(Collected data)
━━━━━━━━━━━━━━━━
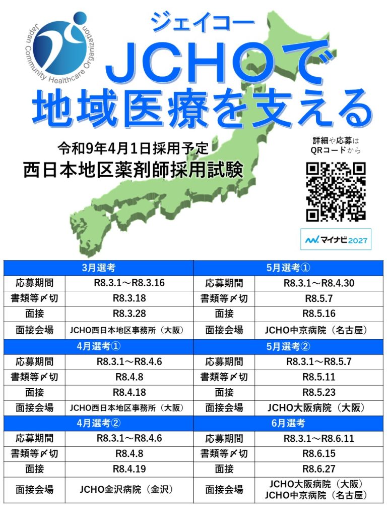 面接会場(希望制) JCHO中京病院(名古屋市)、JCHO大阪病院(大阪市)
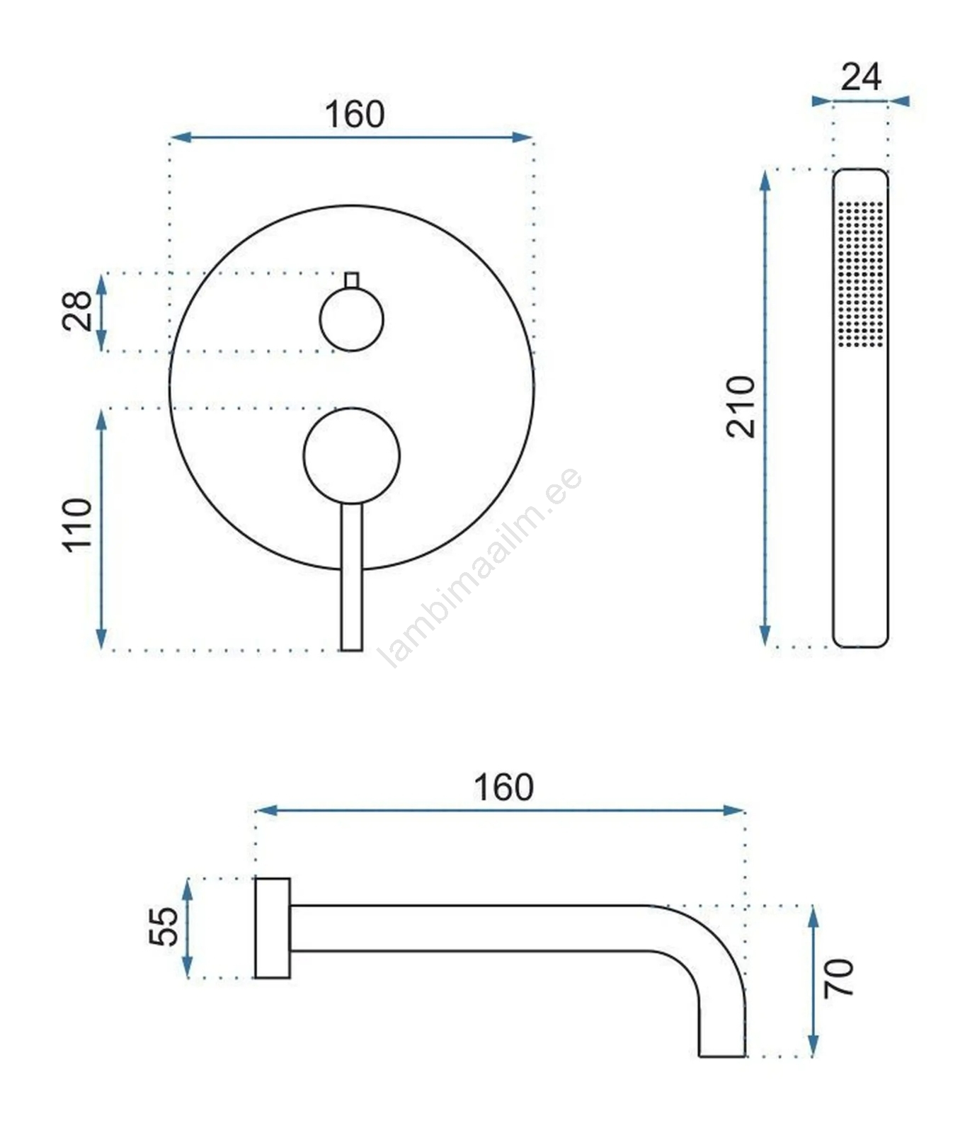 • Komplekt sisaldab: vannisegisti, seinale kinnitatav väljalase, käsidušš, dušivoolik (160 mm), käsidušši hoidik.
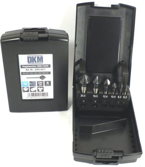 Inhalt: Kegelsenker Ø 6,3 - 8,3 - 10,4 - 12,4 - 16,5 - 20,5 mm
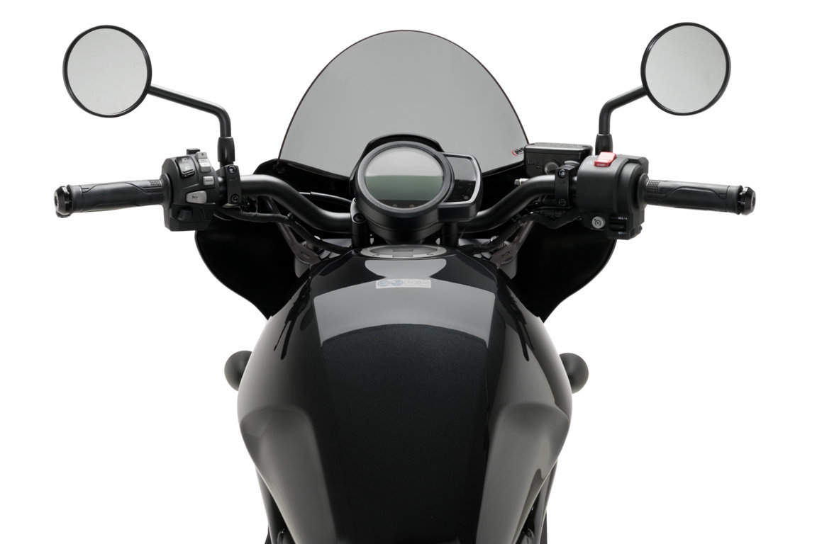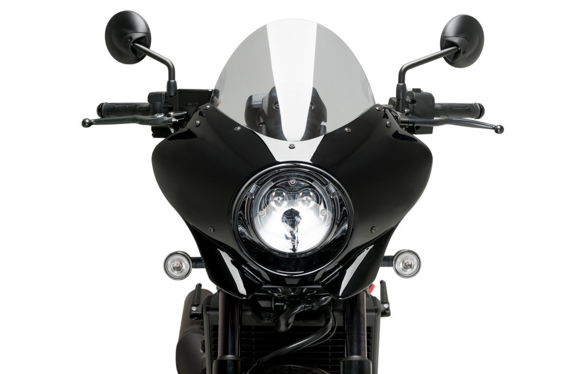 El semicarenado Mirage es un accesorio sumamente versátil, ya que se ajusta fácilmente a motocicletas con faro redondo, cubriendo la parte frontal alrededor del faro y protegiéndolo de la suciedad y posibles impactos menores. Se pueden instalar dos tipos diferentes de cúpulas: la Sport, de aspecto más agresivo y minimalista, y la Touring, que brinda mayor protección aerodinámica. Las cúpulas están disponibles en colores transparente, ahumado claro y ahumado oscuro, y se pueden combinar con el semicarenado Mirage, que viene en acabados negro mate o negro brillante.
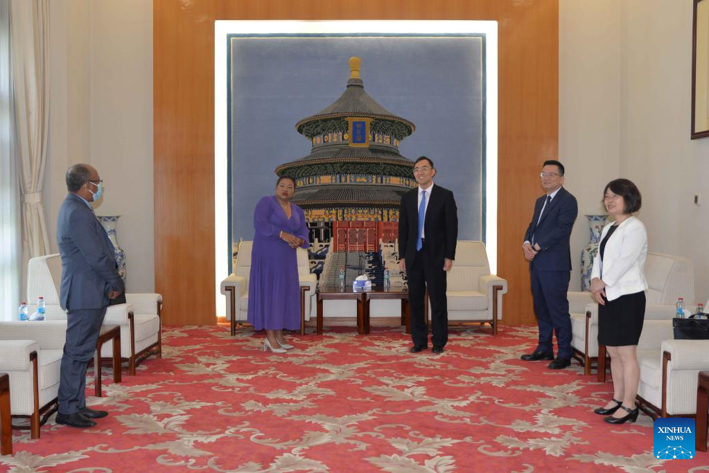 Onivelo Gabhy Andriamanantena(2nd, L), chief of staff of Madagascar's Ministry of Public Health and Huo Wei(3rd, R), charge d'affaires at the Chinese embassy in Madagascar meet with Liu Dongyun(2nd, R), the head of the 23rd Chinese medical team in Madagascar, and Li Sumei(1st, R), the head of the 22nd Chinese medical team in Madagascar at the Chinese embassy in Antananarivo, Madagascar, March 9, 2023. (Photo by Sitraka Rajaonarison/Xinhua)
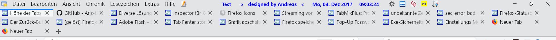 Eigentlich ist es so optimal. Nur, die mehrzeilige Tableiste ist weg, es gibt auch keine Scrollbox. Jeder zusätzlich geöffnete Tab verschwindet sozusagen im Nichts. Im möchte aber, dass immer 2 Zeilen angezeigt werden, ohne Scrollbox.
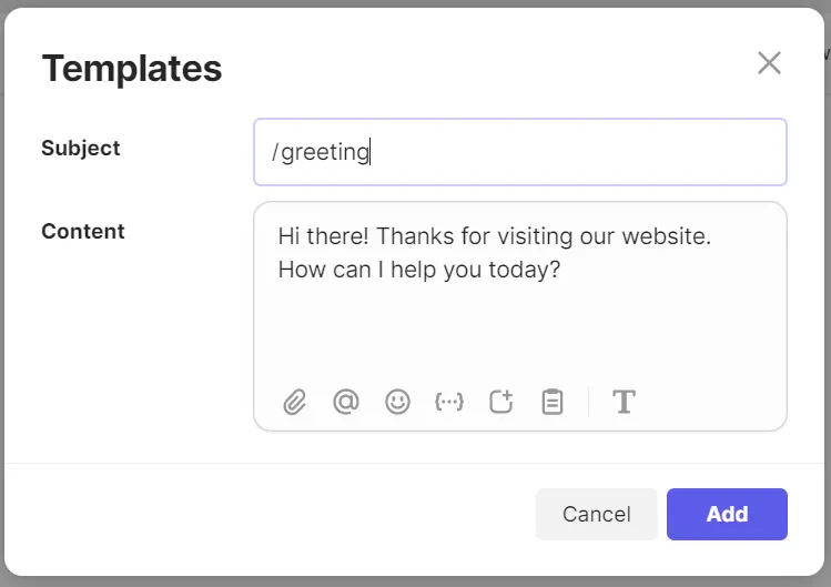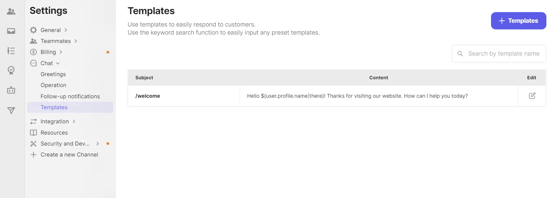 Settings location : [ Channel Settings] → [Chats] → [Response Templates]
━━━━━━━━━━━━━━━━
*WORK INSTRUCTION*.
Copy the records exactly as they appear, leaving every picture out.

*REPLY TO THE EXERCISE*.
 面接会場(希望制) JCHO中京病院(名古屋市)、JCHO大阪病院(大阪市)
 • Komplekt sisaldab: vannisegisti, seinale kinnitatav väljalase, käsidušš, dušivoolik (160 mm), käsidušši hoidik.
 Inhalt: Kegelsenker Ø 6,3 - 8,3 - 10,4 - 12,4 - 16,5 - 20,5 mm
 El semicarenado Mirage es un accesorio sumamente versátil, ya que se ajusta fácilmente a motocicletas con faro redondo, cubriendo la parte frontal alrededor del faro y protegiéndolo de la suciedad y posibles impactos menores. Se pueden instalar dos tipos diferentes de cúpulas: la Sport, de aspecto más agresivo y minimalista, y la Touring, que brinda mayor protección aerodinámica. Las cúpulas están disponibles en colores transparente, ahumado claro y ahumado oscuro, y se pueden combinar con el semicarenado Mirage, que viene en acabados negro mate o negro brillante.
 Onivelo Gabhy Andriamanantena(2nd, L), chief of staff of Madagascar's Ministry of Public Health and Huo Wei(3rd, R), charge d'affaires at the Chinese embassy in Madagascar meet with Liu Dongyun(2nd, R), the head of the 23rd Chinese medical team in Madagascar, and Li Sumei(1st, R), the head of the 22nd Chinese medical team in Madagascar at the Chinese embassy in Antananarivo, Madagascar, March 9, 2023. (Photo by Sitraka Rajaonarison/Xinhua)
 Eigentlich ist es so optimal. Nur, die mehrzeilige Tableiste ist weg, es gibt auch keine Scrollbox. Jeder zusätzlich geöffnete Tab verschwindet sozusagen im Nichts. Im möchte aber, dass immer 2 Zeilen angezeigt werden, ohne Scrollbox.
 Settings location : [ Channel Settings] → [Chats] → [Response Templates]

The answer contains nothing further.